-------- RECORDED INFORMATION --------

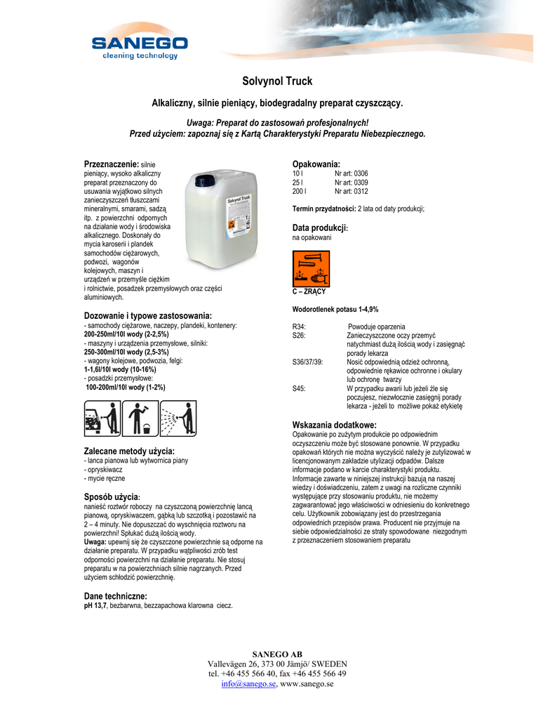 Solvynol Truck Alkaliczny, silnie pieniący, biodegradalny preparat czyszczący. Uwaga: Preparat do zastosowań profesjonalnych! Przed użyciem: zapoznaj się z Kartą Charakterystyki Preparatu Niebezpiecznego. Przeznaczenie: silnie pieniący, wysoko alkaliczny preparat przeznaczony do usuwania wyjątkowo silnych zanieczyszczeń tłuszczami mineralnymi, smarami, sadzą itp. z powierzchni odpornych na działanie wody i środowiska alkalicznego. Doskonały do mycia karoserii i plandek samochodów ciężarowych, podwozi, wagonów kolejowych, maszyn i urządzeń w przemyśle ciężkim i rolnictwie, posadzek przemysłowych oraz części aluminiowych. Dozowanie i typowe zastosowania: - samochody ciężarowe, naczepy, plandeki, kontenery: 200-250ml/10l wody (2-2,5%) - maszyny i urządzenia przemysłowe, silniki: 250-300ml/10l wody (2,5-3%) - wagony kolejowe, podwozia, felgi: 1-1,6l/10l wody (10-16%) - posadzki przemysłowe: 100-200ml/10l wody (1-2%) Opakowania: 10 l 25 l 200 l Nr art: 0306 Nr art: 0309 Nr art: 0312 Termin przydatności: 2 lata od daty produkcji; Data produkcji: na opakowani C – ŻRĄCY Wodorotlenek potasu 1-4,9% R34: S26: S36/37/39: S45: Powoduje oparzenia Zanieczyszczone oczy przemyć natychmiast dużą ilością wody i zasięgnąć porady lekarza Nosić odpowiednią odzież ochronną, odpowiednie rękawice ochronne i okulary lub ochronę twarzy W przypadku awarii lub jeżeli źle się poczujesz, niezwłocznie zasięgnij porady lekarza - jeżeli to możliwe pokaż etykietę Wskazania dodatkowe: Zalecane metody użycia: - lanca pianowa lub wytwornica piany - opryskiwacz - mycie ręczne Sposób użycia: nanieść roztwór roboczy na czyszczoną powierzchnię lancą pianową, opryskiwaczem, gąbką lub szczotką i pozostawić na 2 – 4 minuty. Nie dopuszczać do wyschnięcia roztworu na powierzchni! Spłukać dużą ilością wody. Uwaga: upewnij się że czyszczone powierzchnie są odporne na działanie preparatu. W przypadku wątpliwości zrób test odporności powierzchni na działanie preparatu. Nie stosuj preparatu w na powierzchniach silnie nagrzanych. Przed użyciem schłodzić powierzchnię. Opakowanie po zużytym produkcie po odpowiednim oczyszczeniu może być stosowane ponownie. W przypadku opakowań których nie można wyczyścić należy je zutylizować w licencjonowanym zakładzie utylizacji odpadów. Dalsze informacje podano w karcie charakterystyki produktu. Informacje zawarte w niniejszej instrukcji bazują na naszej wiedzy i doświadczeniu, zatem z uwagi na rozliczne czynniki występujące przy stosowaniu produktu, nie możemy zagwarantować jego właściwości w odniesieniu do konkretnego celu. Użytkownik zobowiązany jest do przestrzegania odpowiednich przepisów prawa. Producent nie przyjmuje na siebie odpowiedzialności ze straty spowodowane niezgodnym z przeznaczeniem stosowaniem preparatu Dane techniczne: pH 13,7, bezbarwna, bezzapachowa klarowna ciecz. SANEGO AB Vallevägen 26, 373 00 Jämjö/ SWEDEN tel. +46 455 566 40, fax +46 455 566 49 [email protected], www.sanego.se
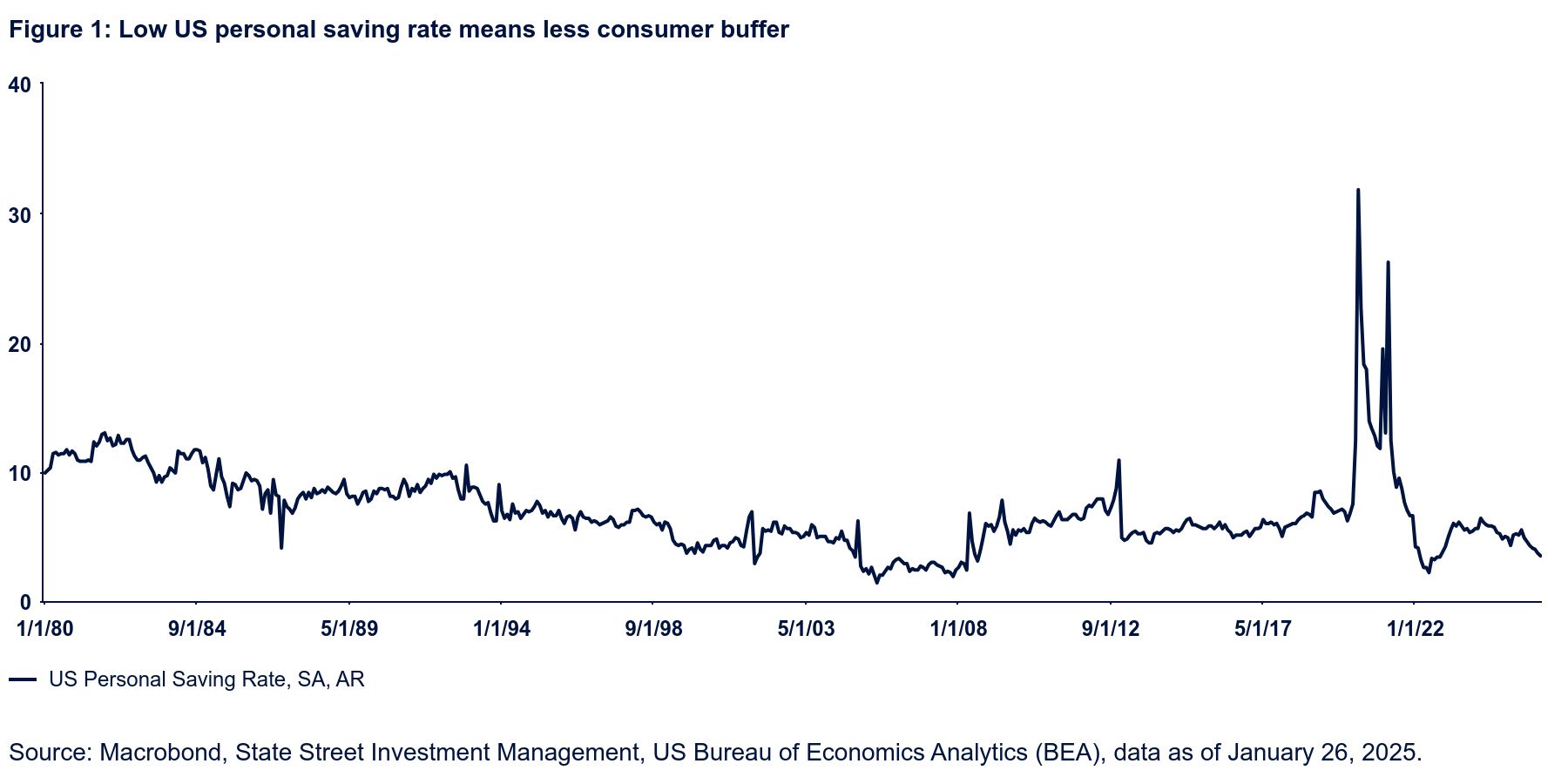 Nobody can tell how much of this reflects the effects of AI‑related labor displacement. However, we can be pretty sure that those effects will intensify, rather than dissipate, over the coming year. As such, a low savings rate highlights a potential consumer vulnerability insofar as a job loss in an environment of reduced savings could require more substantial consumption cutbacks.
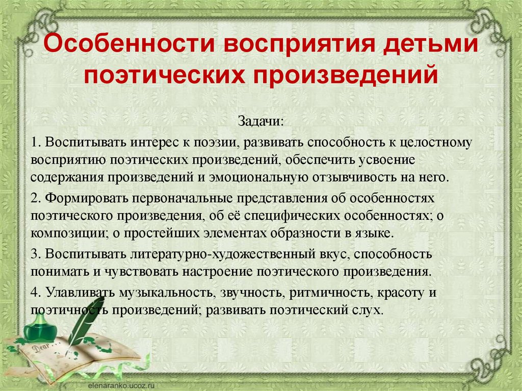 Особенности восприятия содержания и формы поэтических произведений детьми дошкольного возраста.
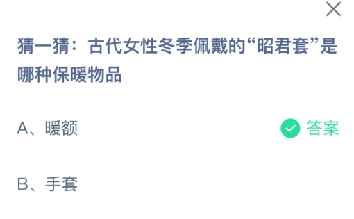 以上就是猜一猜:古代女性冬季佩戴的“昭君套是哪种保暖物品?支付宝蚂蚁庄园2026年2月14日答案最新,更多相关攻略,请关注更新!
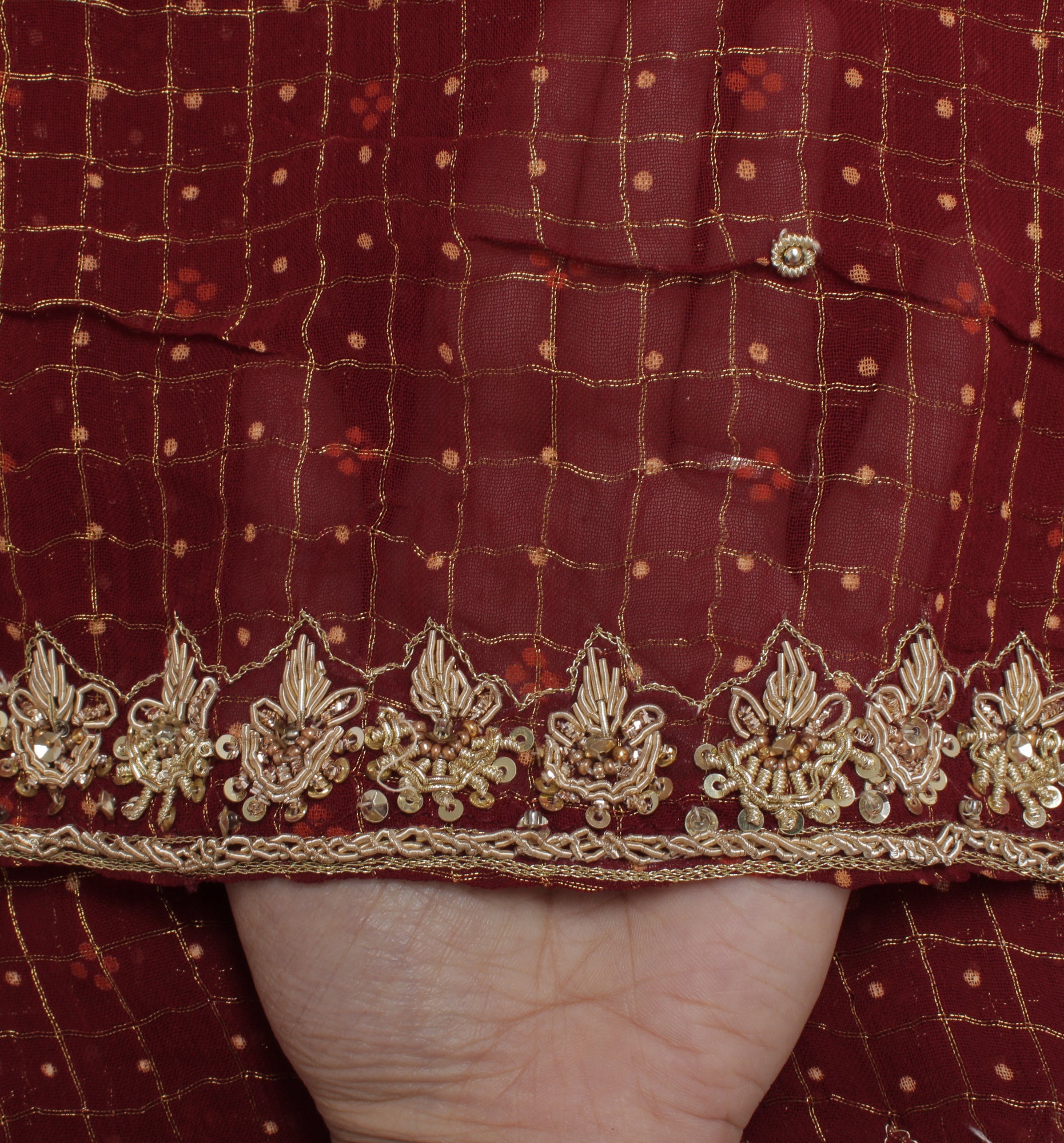 Step into a world of elegance with this richly textured Maroon As Per Images Dupatta, Scarf, Indian Long Stole, Veil, or Hijab, perfect for those who appreciate fine craftsmanship. Made from premium 100% Pure Cotton, this piece features intricate Hand Beaded Zardozi Work, Sequins Work, Printed & Zari Woven work, adding a touch of traditional charm to any outfit. The Maroon base beautifully complements the delicate As Per Images detailing, creating a truly timeless accessory.
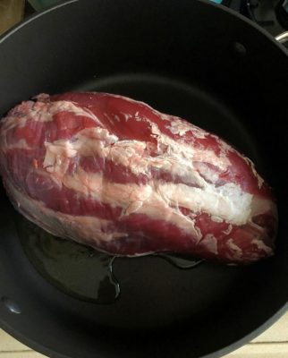 מניחים את הנתח בסיר עם שמן. צילום עז תלם
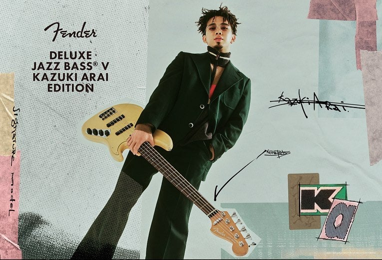 大人気バンド【King Gnu】のメンバーとして活躍している新井は「Fenderから第二弾として自分のベースを出せるなんてね、本当に有難いです」と綴り、新井モデルのベースが発売されることを公表した。
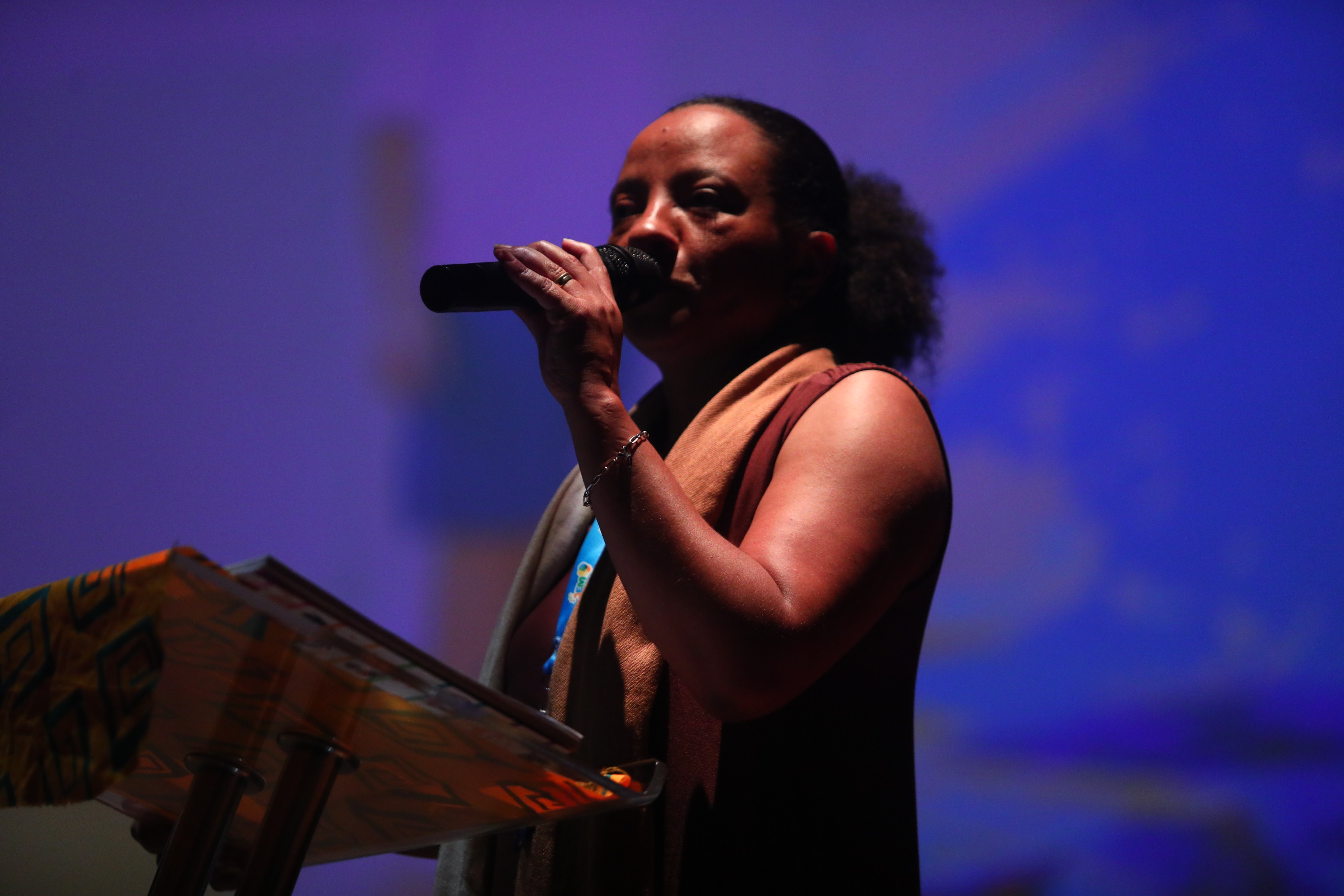 Professora da rede deste 2013, Talita dos Anjos falou do maracatu como lugar de movimento e sua importância de resistência no contexto escolar, que por meio de uma educação antirracista encontra lugar de presença, arte e ancestralidade.
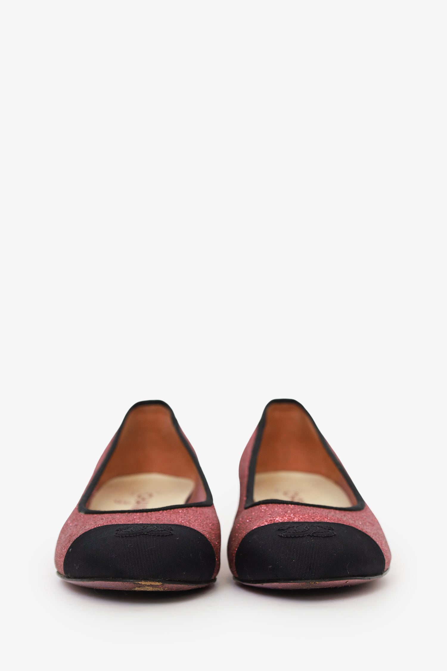 Pre-Loved Chanel™ Pink/Black Glitter Leather CC Ballerina Pumps. Round toe. Gold-tone hardware. Tonal stitching.

--------

* ASSIGNED TASK
Set the whole listing down again unchanged, apart from the pictures, which are omitted.

* RESULT OF THE EXERCISE
 Solvynol Truck Alkaliczny, silnie pieniący, biodegradalny preparat czyszczący. Uwaga: Preparat do zastosowań profesjonalnych! Przed użyciem: zapoznaj się z Kartą Charakterystyki Preparatu Niebezpiecznego. Przeznaczenie: silnie pieniący, wysoko alkaliczny preparat przeznaczony do usuwania wyjątkowo silnych zanieczyszczeń tłuszczami mineralnymi, smarami, sadzą itp. z powierzchni odpornych na działanie wody i środowiska alkalicznego. Doskonały do mycia karoserii i plandek samochodów ciężarowych, podwozi, wagonów kolejowych, maszyn i urządzeń w przemyśle ciężkim i rolnictwie, posadzek przemysłowych oraz części aluminiowych. Dozowanie i typowe zastosowania: - samochody ciężarowe, naczepy, plandeki, kontenery: 200-250ml/10l wody (2-2,5%) - maszyny i urządzenia przemysłowe, silniki: 250-300ml/10l wody (2,5-3%) - wagony kolejowe, podwozia, felgi: 1-1,6l/10l wody (10-16%) - posadzki przemysłowe: 100-200ml/10l wody (1-2%) Opakowania: 10 l 25 l 200 l Nr art: 0306 Nr art: 0309 Nr art: 0312 Termin przydatności: 2 lata od daty produkcji; Data produkcji: na opakowani C – ŻRĄCY Wodorotlenek potasu 1-4,9% R34: S26: S36/37/39: S45: Powoduje oparzenia Zanieczyszczone oczy przemyć natychmiast dużą ilością wody i zasięgnąć porady lekarza Nosić odpowiednią odzież ochronną, odpowiednie rękawice ochronne i okulary lub ochronę twarzy W przypadku awarii lub jeżeli źle się poczujesz, niezwłocznie zasięgnij porady lekarza - jeżeli to możliwe pokaż etykietę Wskazania dodatkowe: Zalecane metody użycia: - lanca pianowa lub wytwornica piany - opryskiwacz - mycie ręczne Sposób użycia: nanieść roztwór roboczy na czyszczoną powierzchnię lancą pianową, opryskiwaczem, gąbką lub szczotką i pozostawić na 2 – 4 minuty. Nie dopuszczać do wyschnięcia roztworu na powierzchni! Spłukać dużą ilością wody. Uwaga: upewnij się że czyszczone powierzchnie są odporne na działanie preparatu. W przypadku wątpliwości zrób test odporności powierzchni na działanie preparatu. Nie stosuj preparatu w na powierzchniach silnie nagrzanych. Przed użyciem schłodzić powierzchnię. Opakowanie po zużytym produkcie po odpowiednim oczyszczeniu może być stosowane ponownie. W przypadku opakowań których nie można wyczyścić należy je zutylizować w licencjonowanym zakładzie utylizacji odpadów. Dalsze informacje podano w karcie charakterystyki produktu. Informacje zawarte w niniejszej instrukcji bazują na naszej wiedzy i doświadczeniu, zatem z uwagi na rozliczne czynniki występujące przy stosowaniu produktu, nie możemy zagwarantować jego właściwości w odniesieniu do konkretnego celu. Użytkownik zobowiązany jest do przestrzegania odpowiednich przepisów prawa. Producent nie przyjmuje na siebie odpowiedzialności ze straty spowodowane niezgodnym z przeznaczeniem stosowaniem preparatu Dane techniczne: pH 13,7, bezbarwna, bezzapachowa klarowna ciecz. SANEGO AB Vallevägen 26, 373 00 Jämjö/ SWEDEN tel. +46 455 566 40, fax +46 455 566 49 [email protected], www.sanego.se
 Nobody can tell how much of this reflects the effects of AI‑related labor displacement. However, we can be pretty sure that those effects will intensify, rather than dissipate, over the coming year. As such, a low savings rate highlights a potential consumer vulnerability insofar as a job loss in an environment of reduced savings could require more substantial consumption cutbacks.
 Особенности восприятия содержания и формы поэтических произведений детьми дошкольного возраста.
 以上就是猜一猜:古代女性冬季佩戴的“昭君套是哪种保暖物品?支付宝蚂蚁庄园2026年2月14日答案最新,更多相关攻略,请关注更新!
 Step into a world of elegance with this richly textured Maroon As Per Images Dupatta, Scarf, Indian Long Stole, Veil, or Hijab, perfect for those who appreciate fine craftsmanship. Made from premium 100% Pure Cotton, this piece features intricate Hand Beaded Zardozi Work, Sequins Work, Printed & Zari Woven work, adding a touch of traditional charm to any outfit. The Maroon base beautifully complements the delicate As Per Images detailing, creating a truly timeless accessory.
 מניחים את הנתח בסיר עם שמן. צילום עז תלם
 大人気バンド【King Gnu】のメンバーとして活躍している新井は「Fenderから第二弾として自分のベースを出せるなんてね、本当に有難いです」と綴り、新井モデルのベースが発売されることを公表した。
 Professora da rede deste 2013, Talita dos Anjos falou do maracatu como lugar de movimento e sua importância de resistência no contexto escolar, que por meio de uma educação antirracista encontra lugar de presença, arte e ancestralidade.
 Pre-Loved Chanel™ Pink/Black Glitter Leather CC Ballerina Pumps. Round toe. Gold-tone hardware. Tonal stitching.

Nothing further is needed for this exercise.